_Work to complete:_
A verbatim copy of all the data is required, minus any images.

_Items from a dataset:_

┏━━

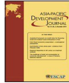
Asia-Pacific Development Journal Vol. 21, No.2, December 2014

See more publications on regional cooperation in South Asia and other regions at http://www.sasec.asia/publications.php
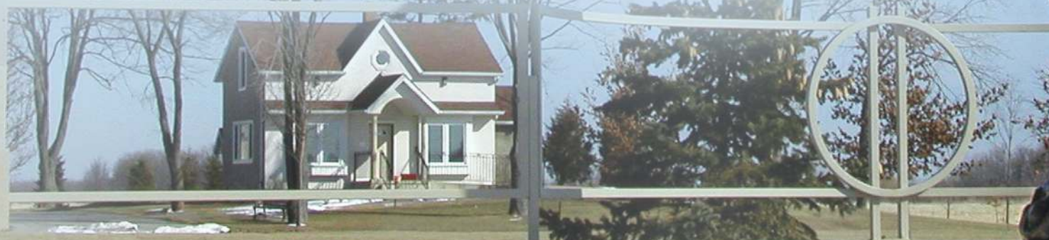
Our Lady of the Angels Catholic Cemetery.
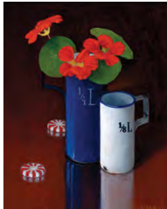
Nasturtium and Enamel , oil on panel, 10 x 8 inches
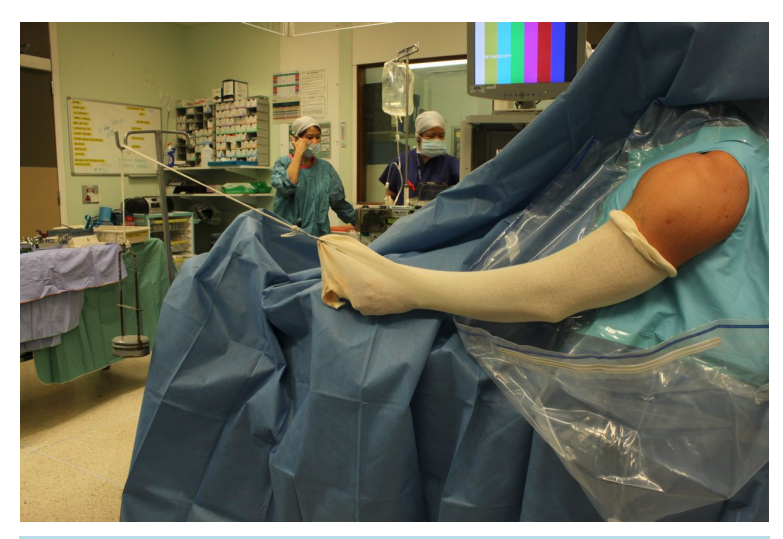
Figure 7. The set-up with drapes prior to final drape over unsterile area of hook through stockinette and its traction cord with weights.
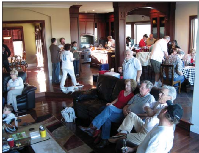
The Stewart's home was open and inviting, and club members were scattered throughout the place

spread out in various places — a grille was going on the patio outside, many people were watching on the big-screen TV in the family room, or orbiting around the kitchen. Elsewhere in the house was a kid's entertainment room with its own big-screen TV, and this proved to be a popular spot as well. And of course the gearheads hung out in the garage and driveway; the garage was suitably equipped with a big TV too!
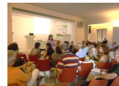
The 3 rd Group attracted most of the participants while the participation of LAG's representatives was very strong
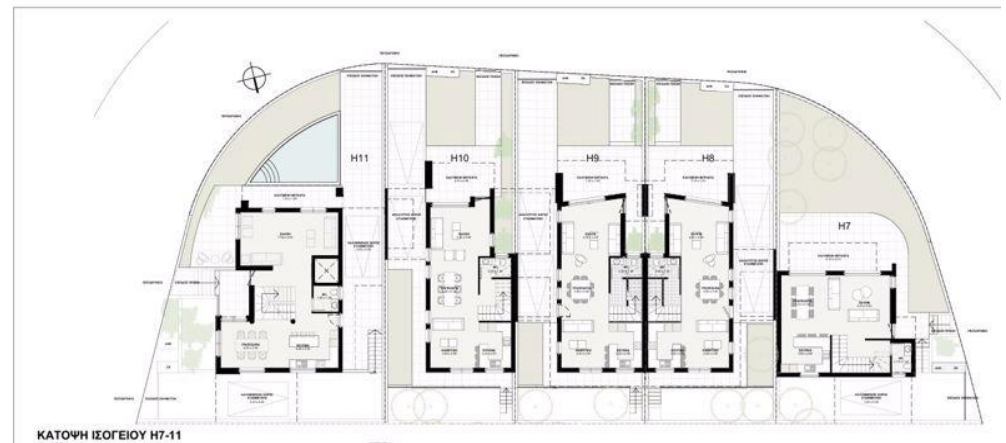
ΚΑΤΩΦΗ ΙΣΟΓΕΙΟΥ Η7-11
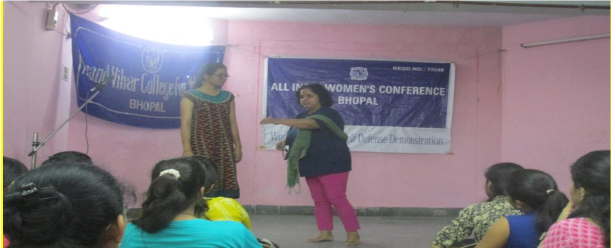
Women safety and self defense Demonstration awareness
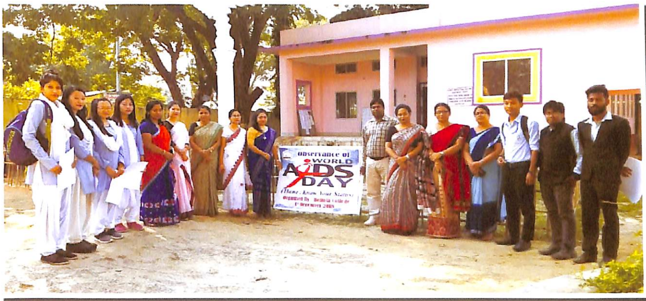
Observation of World AIDS Day at College
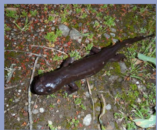
The California Giant Salamander is dependent on movement corridors, particularly along streamside forests. This one was photographed at Van Hoosear Wildflower Preserve, near Sonoma, CA

Climate change will not only stress our human communities and built infrastructure, but will also threaten the incredible biodiversity of our region. By enhancing the habitat of your stream-side property you will create a refuge for many threatened plants and animals.
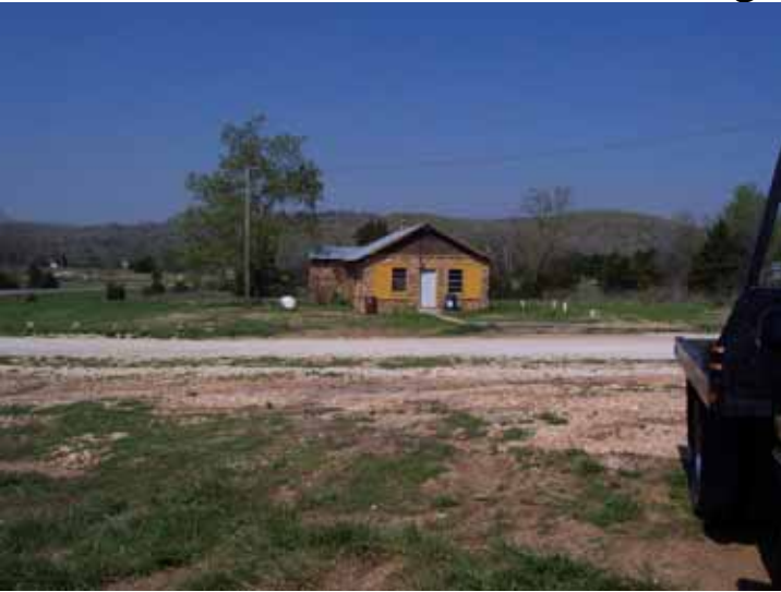
Vacant residence and capped PVC pipes located on the site.

┗━━

_Expected output:_
Asia-Pacific Development Journal Vol. 21, No.2, December 2014

See more publications on regional cooperation in South Asia and other regions at http://www.sasec.asia/publications.php
Our Lady of the Angels Catholic Cemetery.
Nasturtium and Enamel , oil on panel, 10 x 8 inches
Figure 7. The set-up with drapes prior to final drape over unsterile area of hook through stockinette and its traction cord with weights.
The Stewart's home was open and inviting, and club members were scattered throughout the place

spread out in various places — a grille was going on the patio outside, many people were watching on the big-screen TV in the family room, or orbiting around the kitchen. Elsewhere in the house was a kid's entertainment room with its own big-screen TV, and this proved to be a popular spot as well. And of course the gearheads hung out in the garage and driveway; the garage was suitably equipped with a big TV too!
The 3 rd Group attracted most of the participants while the participation of LAG's representatives was very strong
ΚΑΤΩΦΗ ΙΣΟΓΕΙΟΥ Η7-11
Women safety and self defense Demonstration awareness
Observation of World AIDS Day at College
The California Giant Salamander is dependent on movement corridors, particularly along streamside forests. This one was photographed at Van Hoosear Wildflower Preserve, near Sonoma, CA

Climate change will not only stress our human communities and built infrastructure, but will also threaten the incredible biodiversity of our region. By enhancing the habitat of your stream-side property you will create a refuge for many threatened plants and animals.
Vacant residence and capped PVC pipes located on the site.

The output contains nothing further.